Grand Casemates Gates, formerly Waterport Gate, provide an entrance from the northwest to the old, fortified portion of the city of the British Overseas Territory of Gibraltar, at Grand Casemates Square.

==Background==
The Rock of Gibraltar, linked to mainland Spain by a low isthmus, extends south into the Strait of Gibraltar which connects the Mediterranean Sea with the Atlantic Ocean. It is a strategic location that has been occupied in turn by the Moors, Spanish and British. The Rock is inaccessible on its eastern side, which rises in a tall and steep cliff. The town lies on the west side along the shore of the Bay of Gibraltar.
For many years a gate provided access from the sea into the northwest of the town through the defensive wall that ran along the shore of the bay.

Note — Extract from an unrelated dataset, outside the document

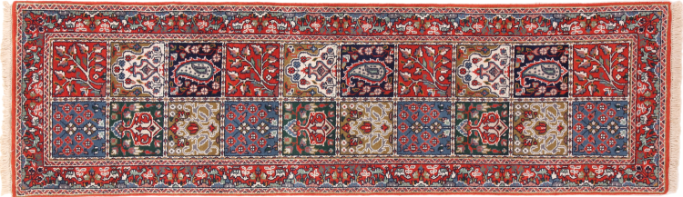 Questo tappeto Indo Ghom, fatto a mano in India, si avvicina molto al suo grande modello dall'Iran. La qualità è decisamente giusta. La sua densità di nodi inferiore consente un imbattibile rapporto qualità-prezzo, che sa come convincere.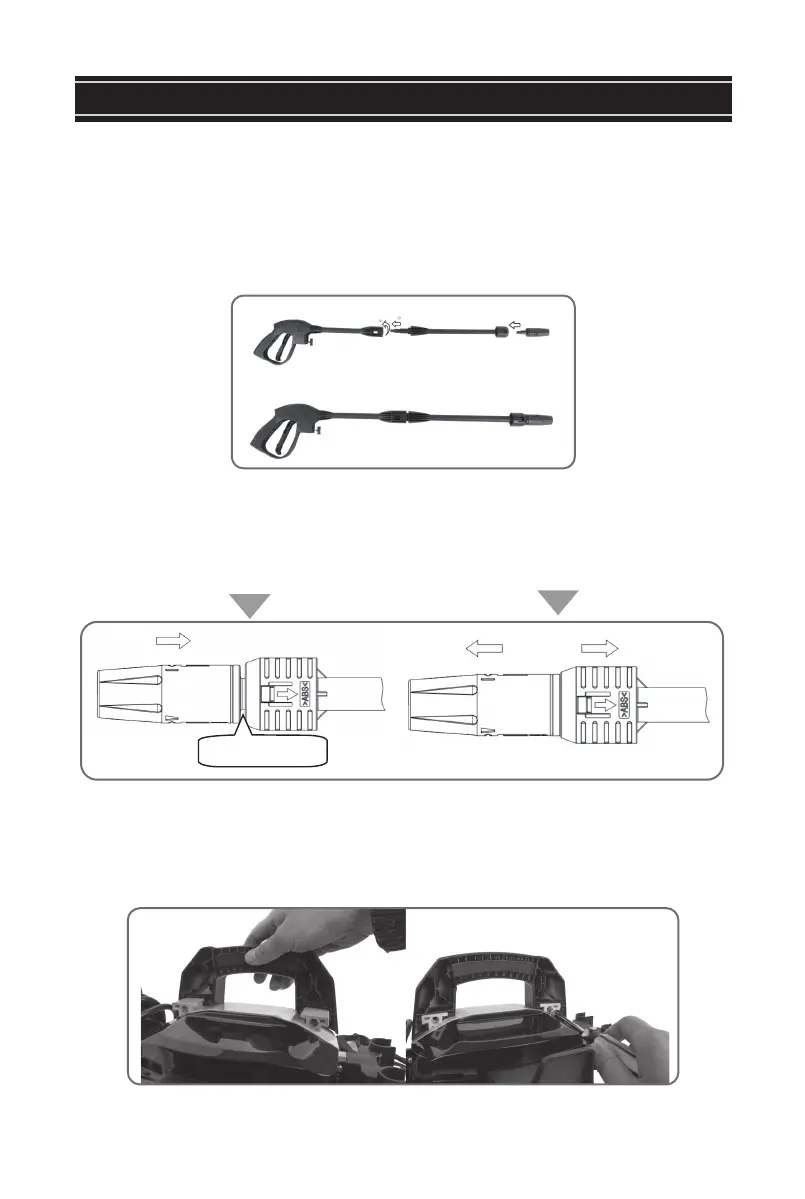 1. Conecte la pistola, la lanza de conexión rápida y la boquilla ajustable

The Moors occupied Gibraltar for centuries until Ferdinand IV of Castile took Gibraltar in the 1309 siege. In 1333 the Moors retook Gibraltar after a lengthy siege. The Spanish regained Gibraltar in August 1462 during its eighth siege. In 1704, during the War of the Spanish Succession, a combined Anglo-Dutch force captured the town of Gibraltar.
In 1713 Spain ceded the Rock to the British "in perpetuity". Over the years that followed the British made extensive improvements to the defenses.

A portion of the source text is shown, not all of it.